O redesenho do modelo de negócios e a transição para a fase da Concessionária 6.0.
O próximo nível dos negócios no setor automotivo e nas redes de concessionárias não se dará pela chegada dos carros elétricos, autônomos ou movidos a hidrogênio verde no mundo real, o nosso, ou no mundo virtual, o Metaverso. A evolução exponencial da tecnologia cria novas necessidades e gera comportamentos diferentes nos consumidores, legisladores, ambientalistas, educadores, empreendedores e agentes financiadores.
O dinheiro continuará existindo em ambiente virtual; é um caminho sem volta. A demanda pela responsabilidade socioambiental, com impactos na cadeia econômica, também é consequência da consciência que nasce a partir da evolução tecnológica, seja para o bem, no caso das facilidades e melhorias na qualidade de vida da sociedade, seja para o mal, no caso do consumo de minerais nobres e metais terras raras, danosos ao meio-ambiente em seus processos de extração e refino, utilizados nos sistemas de armazenamento de energia (baterias) e cuja demanda deve crescer muito nos próximos anos.
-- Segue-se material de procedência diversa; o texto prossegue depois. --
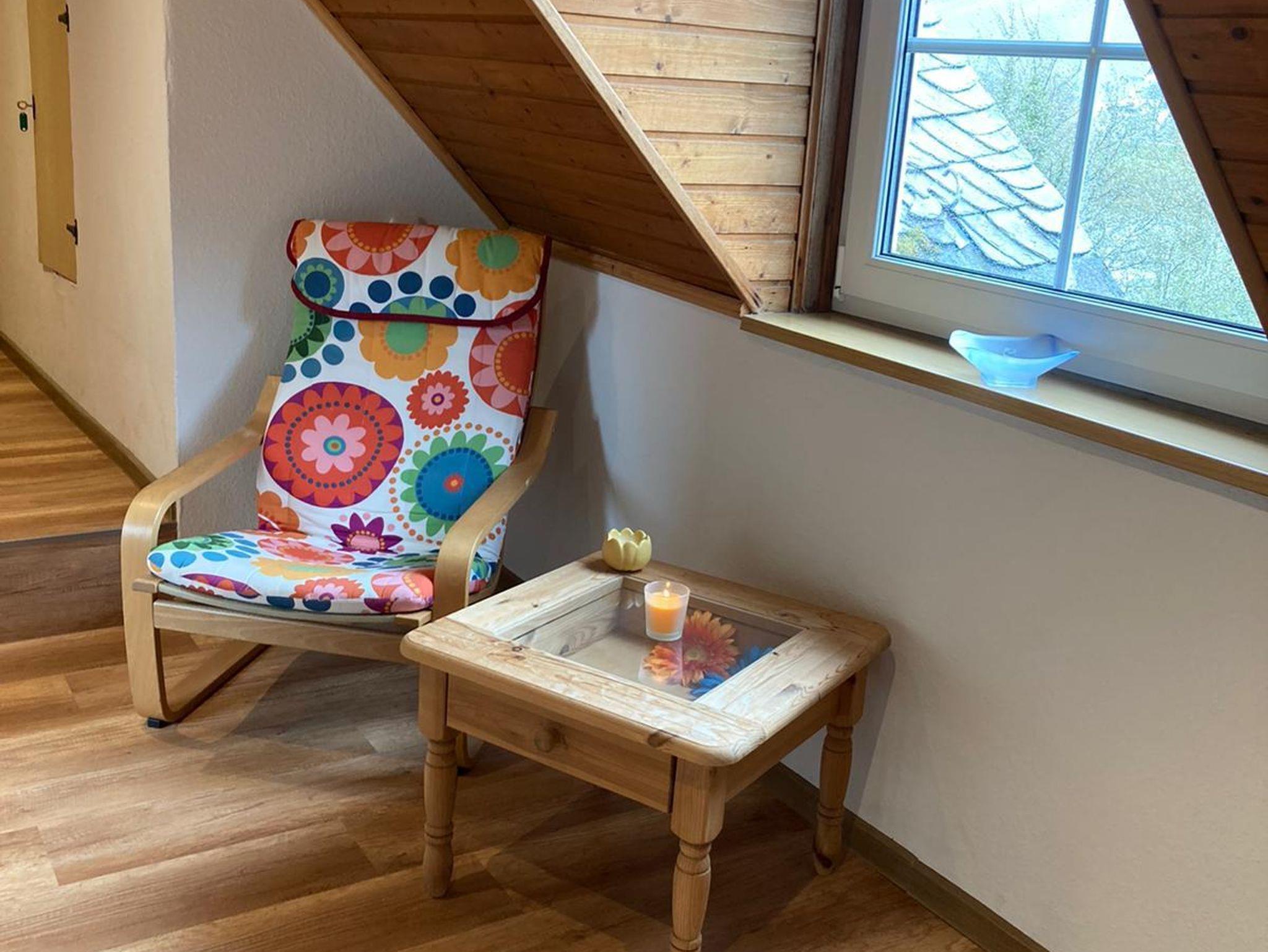 Die Ferienwohnung befindet sich im Dachgeschoss unseres Gästehauses. Erst im November 2021 wurde die Ferienwohnung renoviert und liebevoll mit Holzmöbeln ausgestattet. Vom Pariser Balkon habt ihr einen Fernblick in die Weinberge und den Hunsrück. Auf dem Balkon in der 1. Etage könnt ihr beim Sonnenuntergang den Blick auf die Mosel und Enkirch genießen.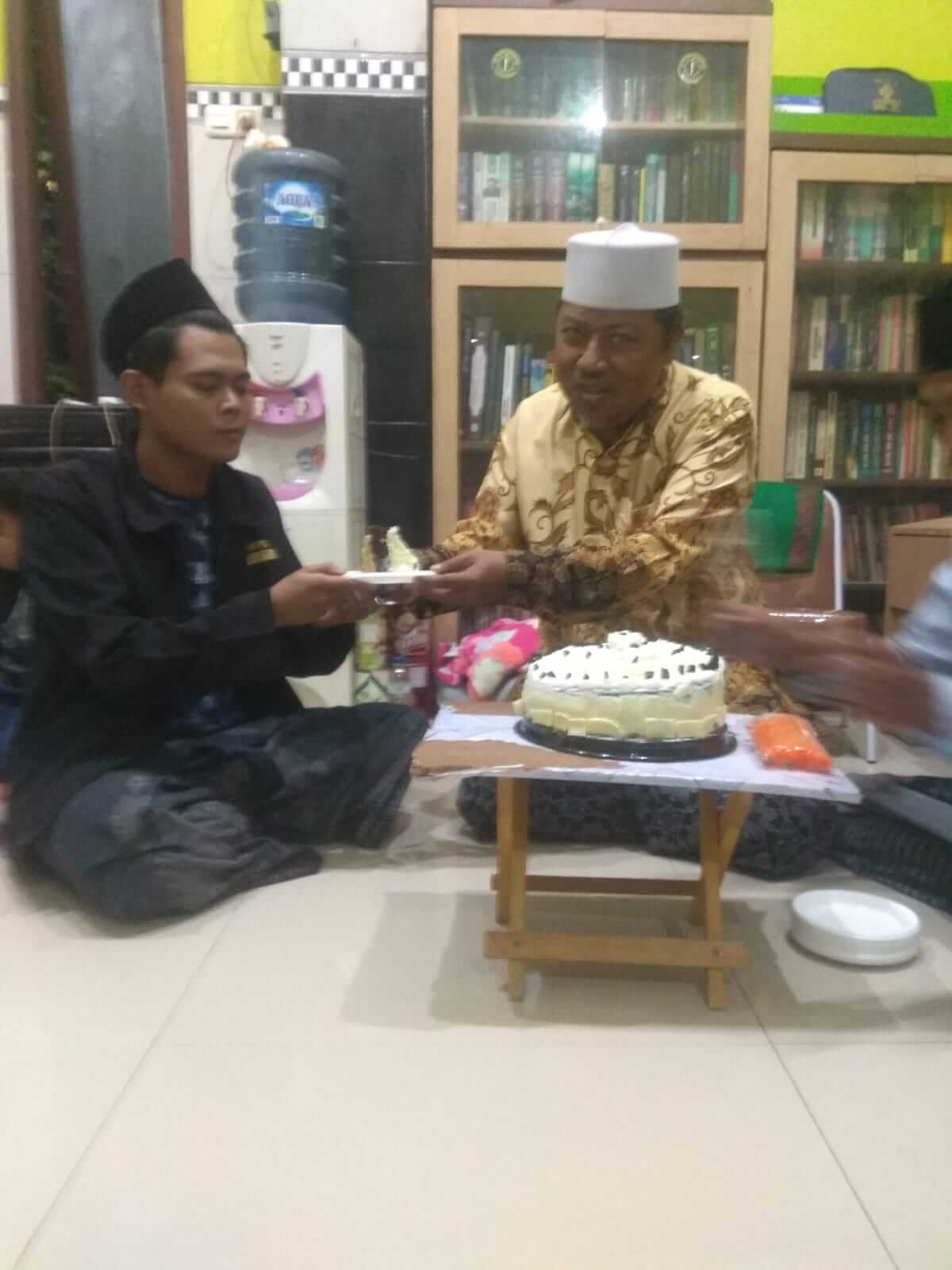 Jamaah dan santri, serta undangan yang hadir yang sangat antusias ini akhirnya menyaksikan momen yang sangat terharu saat ayahanda KH. Imam Royani saat memberikan kue tart kepada putranya Gus Hilmi dan dilanjutkan membagikan kepada jamaah dan undangan yang hadir. Hidangan yang sederhana serta minuman sebagai pelengkap kemeriahan acara ini.

O que você verá a seguir é uma evolução tecnológica que, entre outros efeitos, aumentará a distância e a segregação entre países desenvolvidos e os países em desenvolvimento. O Brasil não pode ficar com um pé em cada barco, mas há boas perspectivas.
A evolução das concessionárias de veículos. Estamos na Fase 5.0, a caminho do próximo nível e em alta velocidade
Para compreender a relação entre o desafio das concessionárias no próximo nível de negócios e o modo como as redes de concessionárias chegaram até aqui, é preciso olhar pelo retrovisor e entender o que já aconteceu e os desafios que as redes de concessionárias passaram e superaram nas últimas décadas.
Entenda, por qual razão as concessionárias no Brasil estão na Fase 5.0, iniciando a transição para a Fase 6.0.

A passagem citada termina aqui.